:: Source data ::
________________

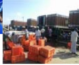
மீன்கள் கேரளாவுக்கு ஏற்றுமதி செய்யப்படுகிறது
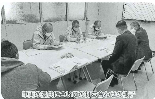
車両の提供についての打ち合わせの様子

市内で住民主体の生活支援活動を行っている団体に対し、近隣の社会福祉法人が移動支援用に車両を調整して提供を行っています。その他、移動販売への協力等、社会福祉法人がそれぞれの地域の実情にあった地域貢献活動を行っています。
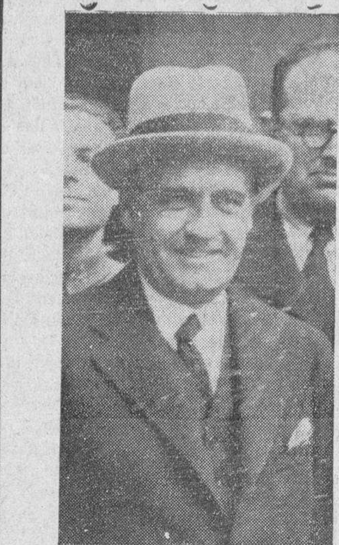
El ilustre catedrático y publicista, don José Ortega y Gasset, a quien ha sido concedida la Medalla de Madrid
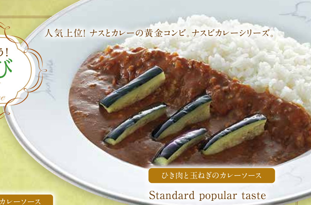
ひき肉と玉ねぎのカレーソース
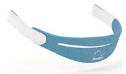
Höfuðband fyrir AirFit N30i
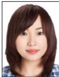
髪で眉毛や耳が 隠れている
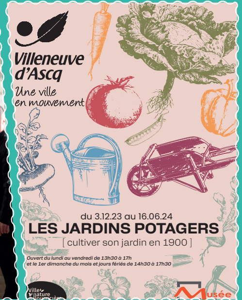
Au Musée du Terroir jusque juin, Bête comme chou
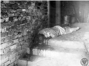
Zwłoki Józefa Hachlicy, prezesa Koła PSL w Krakowie-Prokocimiu, zamordowanego 22 października 1946 r. przed drzwiami własnego domu

„Demokracja ludowa” była parawanem faktycznych przemian w kierunku państwa totalitarnego. Używając go, komuniści chcieli znieczulić Polaków i inne społeczeństwa Europy Środkowo-Wschodniej, w dużej części dążące do autentycznych reform społecznych, tak aby wprowadzenie „socjalizmu” w wersji sowieckiej przebiegło gładko. Oficjalna ideologia, opierająca się na sile i kłamstwie, tworzyła sztuczny, pseudonaukowy świat, zgodny z rosyjskim podwójnym myśleniem, dopuszczającym sprzeczności logiczne. „Demokracja”
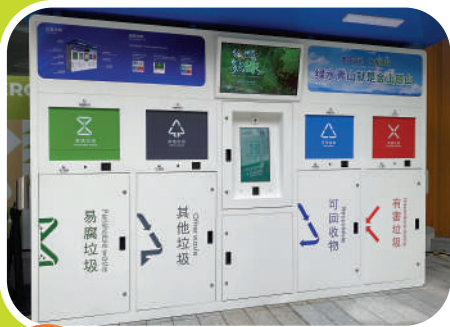
亞運村內隨處可見的垃圾分類箱。
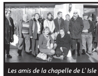
Les amis de la chapelle de L' Isle
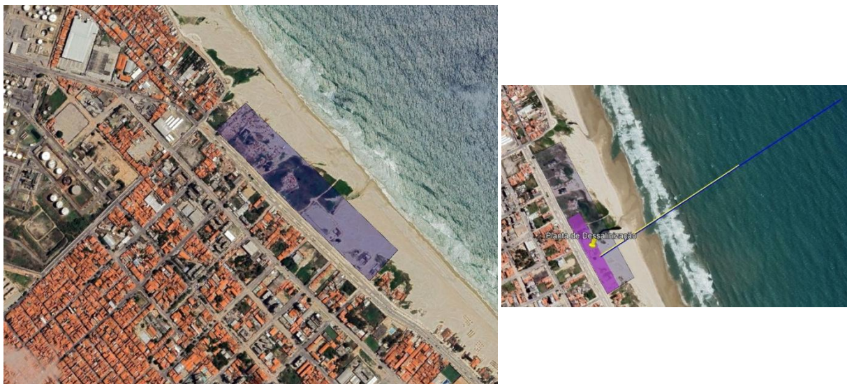
Figura 3. Área disponibilizada pela SPU com destaque para área necessária para comportar a Planta de Dessalinização.

Seguindo decisão governamental, a CAGECE solicitou a alteração do local de implantação à SPE informando a disponibilização de uma área de 88.300 m 2 (Figura 3), em processo de cessão pela SPU. Após análise, a SPE verificou que, por utilizar apenas cerca de 25.000 m 2 da área, a planta poderia ser locada em uma fração ao sul dentro terreno, mantendo-se o posicionamento original das infraestruturas offshore (tubulações de captação de água marinha e emissário) e resguardando os padrões de afastamento indicados pelo Comitê Internacional de Proteção de Cabos (ICPC) e ANATEL. À medida que o redesenho da planta evoluiu neste semestre, a SPE identificou a necessidade de um pequeno aumento de área para 26.330 m 2 .
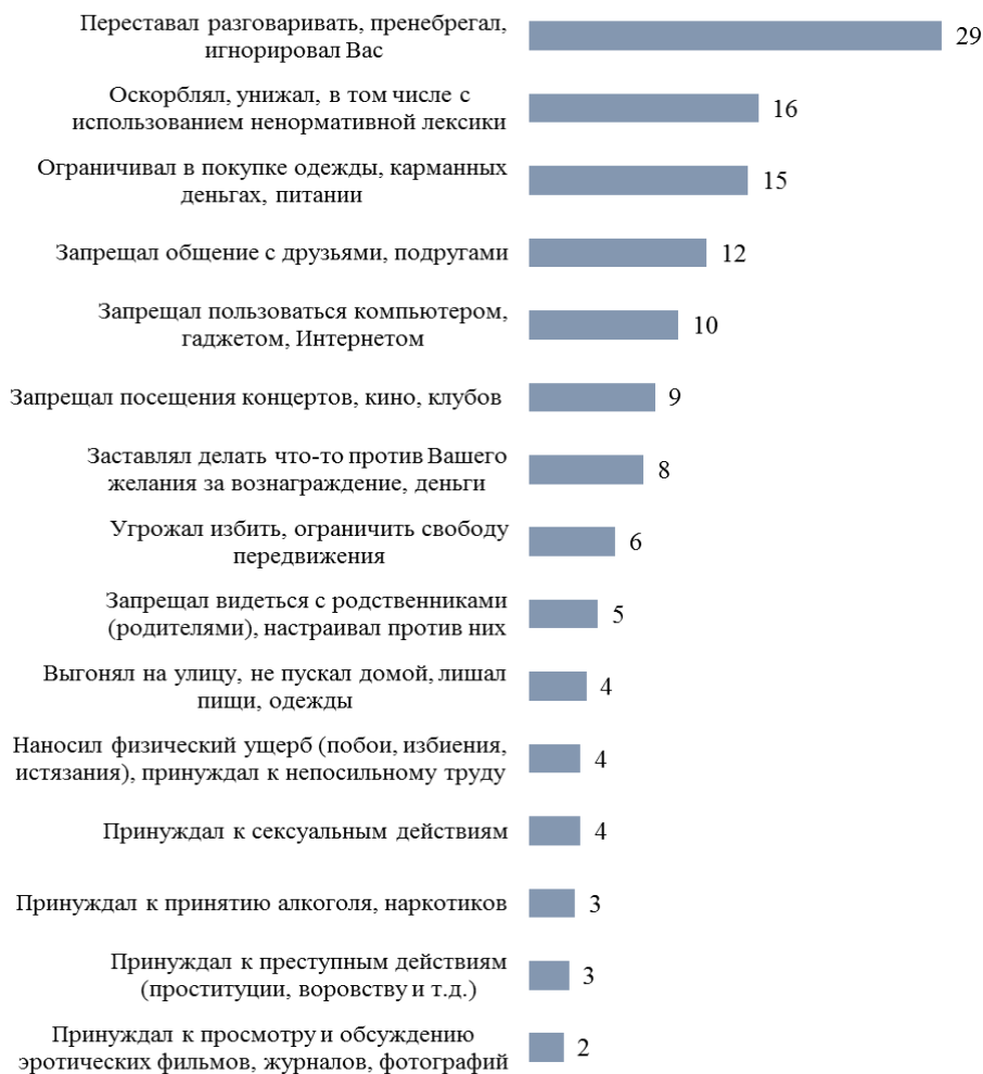
Рисунок 1. Виды и формы супружеского насилия, с которыми сталкивались респонденты, состоящие в браке, за последний год, % (составлено авторами на основе эмпирических материалов)

проявляется прежде всего в ущемлении возможности приобретать одежду, продукты питания и иметь личные текущие расходы (15 %). Физическое (побои, избиения, истязания) и сексуальное насилие распространено между супругами/партнерами в меньшей степени (по 4 % соответственно) (рис. 1).
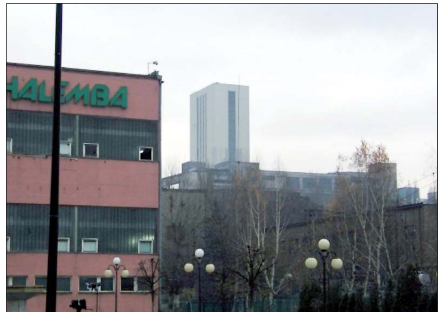
Z powodu sfałszowania danych o wydobyciu w kop. Halemba-Wirek Kompania straci 18 mln zł

Na razie nie wiadomo, kto dopuścił się fałszerstwa. Władze KW poinformowały jedynie, że według ich
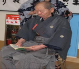
お話をされる利用者様
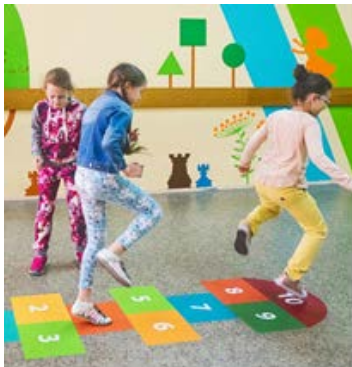
Рис. 5. Елемент ігрової кімнати у школі

та емоційне заспокоєння дітей, а також виховує дбайливе ставлення до природи ще малечку.
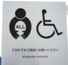
だれでもトイレを 複数事業所に設置
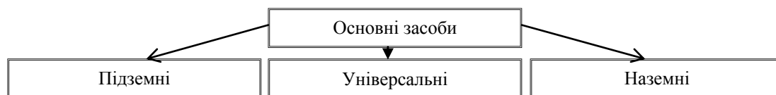
Рис. 2 За місцем розташування основних засобів*

основних засобів, які підприємство використовує для здійснення своєї основної діяльності, тобто для основних засобів, які задіяні під час видобування.
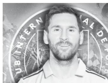
Inter Miami, la opción más cercana anoche. - Twitter -

Messi es la de Inter Miami, de la MLS de Estados Unidos.
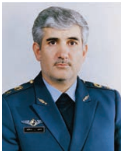
شکل ۹-۴- شهید ستاری
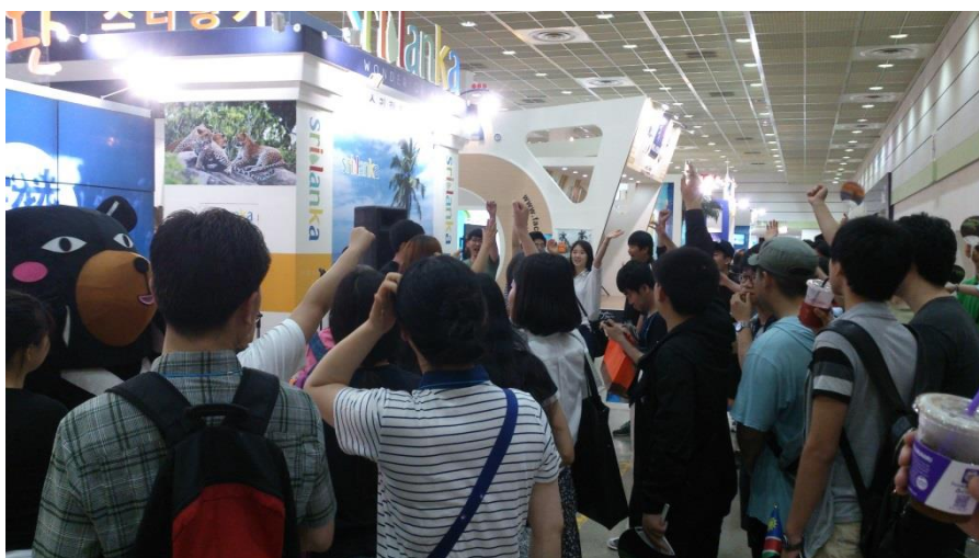
臺灣館舞台 Q & A 贈送台灣宣傳文宣和小禮品

________________

:: Required action ::
All lines above that include the word "засобів" must be copied into the answer.

:: Your response ::
Рис. 2 За місцем розташування основних засобів*
основних засобів, які підприємство використовує для здійснення своєї основної діяльності, тобто для основних засобів, які задіяні під час видобування.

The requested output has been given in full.